Big-Tech’s Performance

Weekly macro storyline: Trump’s adrenaline, Powell’s indifference

  1. The week started off optimistically, as the "win-win" outcome of the Geneva talks between China and the U.S. exceeded expectations, boosting risk assets on both sides. However, Fed Chair Jerome Powell took a tough stance, stating that the Federal Reserve is re-evaluating its policy framework—modifying references to "average inflation targeting" and "underemployment"—shifting to stricter inflation control (targeting close to 2%) and remaining vigilant about an overheating labor market. This implies the Fed will insist on waiting for post-tariff-impact data before considering rate cuts, and the 2% inflation target is now interpreted as more immediate than long-term—essentially a direct challenge to Trump.

  2. Chinese tech earnings stood out this week. Despite some flaws, leading names like $TENCENT(00700)$ and $Alibaba(BABA)$ both fell after reporting. In terms of performance, Tencent > Alibaba. The market seems more focused on the AI roadmap and capex: on one hand, there’s high anticipation for rapid cloud platform growth; on the other, strict scrutiny over profit margins. Possibly, the previous “cost-cutting and efficiency” expectations set by DeepSeek raised the bar too high, putting pressure on how Chinese tech firms monetize.

  3. Is the Middle East poised to rise as the next AI infrastructure hub? Trump, accompanied by top tech minds, visited the Middle East to secure deals with countries like the UAE and Saudi Arabia. The UAE's G42 will build a 5GW data center park (1GW under construction), receiving 500,000 Nvidia top-tier chips annually (20% for domestic use, 80% for U.S. companies). Saudi Arabia signed a $600 billion agreement to deploy 1,000MW of AMD and Nvidia systems via HUMAIN. Leveraging capital and energy advantages, the Middle East is becoming a global AI infrastructure nexus, offering low-cost energy (e.g., solar) and fast approval processes. The region's data center capacity is expected to exceed 6GW by 2030.

Most major earnings are now out. Consumer bellwethers like $Wal-Mart(WMT)$ posted solid Q1 results but issued cautious guidance for Q2, hinting at upcoming price hikes to offset pressure.

Big Tech bounced overall this week. As of market close on May 15, the weekly performance of major tech stocks: $Apple(AAPL)$ +7.07%, $Microsoft(MSFT)$ +3.41%, $NVIDIA(NVDA)$ +14.88%, $Amazon.com(AMZN)$ +6.81%, $Alphabet(GOOG)$ $Alphabet(GOOGL)$ +6.27%, $Meta Platforms, Inc.(META)$ +7.67%, $Tesla Motors(TSLA)$ +20.36%。

Big-Tech’s Key Strategy

Tesla’s Sprint Moment?

TSLA shares have rebounded from the April 7 low to around $350, nearing late-February levels. Tesla was the first to suffer during the recent downturn but held above $210, making its rebound more forceful. A major driver is anticipation for the June launch of Robotaxi. Tesla’s valuation doesn’t rest solely on its core auto business, but also includes:

  • The maturing energy storage segment

  • Robotaxi (a potential game-changer for margins)

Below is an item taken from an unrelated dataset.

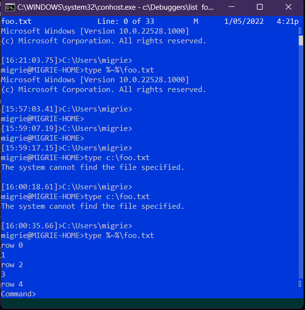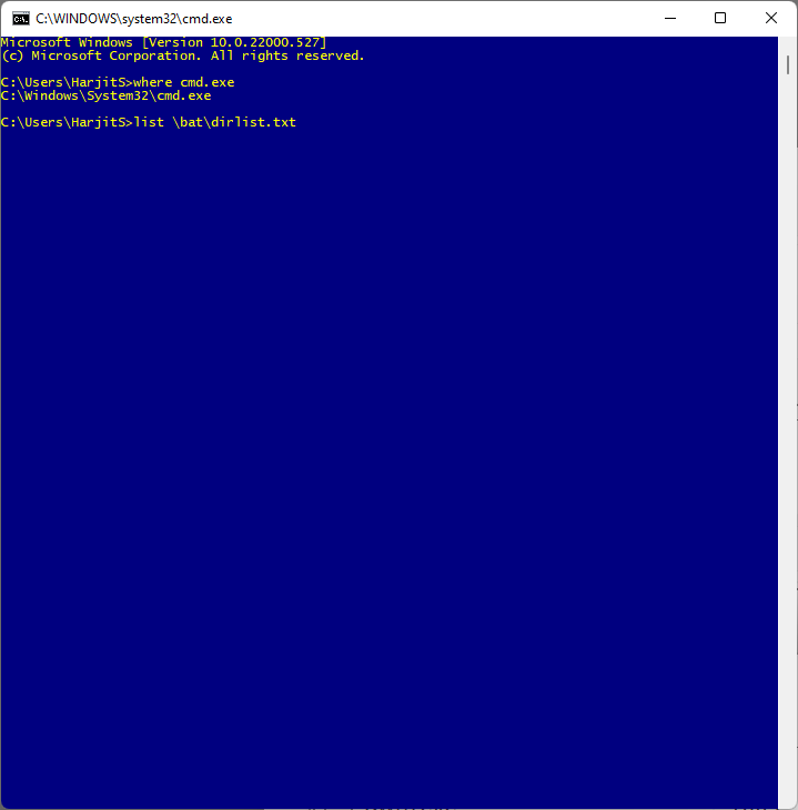 Then in the cmd window ran the command: list c:\bat\dirlist.txt

  • The humanoid robot Optimus and other future tech—elements that introduce a speculative component.

Morgan Stanley, one of TSLA’s more aggressive analysts, has set a $410 target price. Their valuation breakdown (using 9% WACC) is:

  • Core Auto Business: $75/share (4.7 million units by 2030, 16.1% EBITDA margin)

  • Network Services: $160/share (65% penetration by 2040, $200 ARPU)

  • Shared Mobility: $90/share (7.5 million vehicles, $1.46/mile by 2040)

  • Energy Business: $67/share

  • Third-party Suppliers: $17/share

Regardless of whether this is justified, the key milestone for now is June in Austin—Tesla’s Robotaxi. The pilot will deploy 10–20 Model Ys to validate autonomous driving software, ride-hailing app, and fleet dispatch system.

According to some summarized projections by Grok:

China Market: FSD Opportunities and Challenges

FSD (Full Self-Driving) is showing early traction in China, but localization remains insufficient. In early 2025, Tesla rolled out FSD updates for Chinese users, including steering and traffic light recognition. Pricing is around ¥64,000 (~$8,750), which is higher than most local rivals. Though its globally trained model ensures fast deployment, there are issues such as misreading road rules or veering off lanes. Domestic competitors—BYD, Li Auto, Huawei, XPeng—are already offering advanced NOA (Navigation on Autopilot) features in lower-priced models.

Big Tech Options Strategy

Chipmakers set to benefit?

This week’s Nvidia–Saudi deal came as an unexpected catalyst, causing a mild short squeeze. The stock is now fluctuating in the $130–150 range and will likely consolidate around $140 before earnings.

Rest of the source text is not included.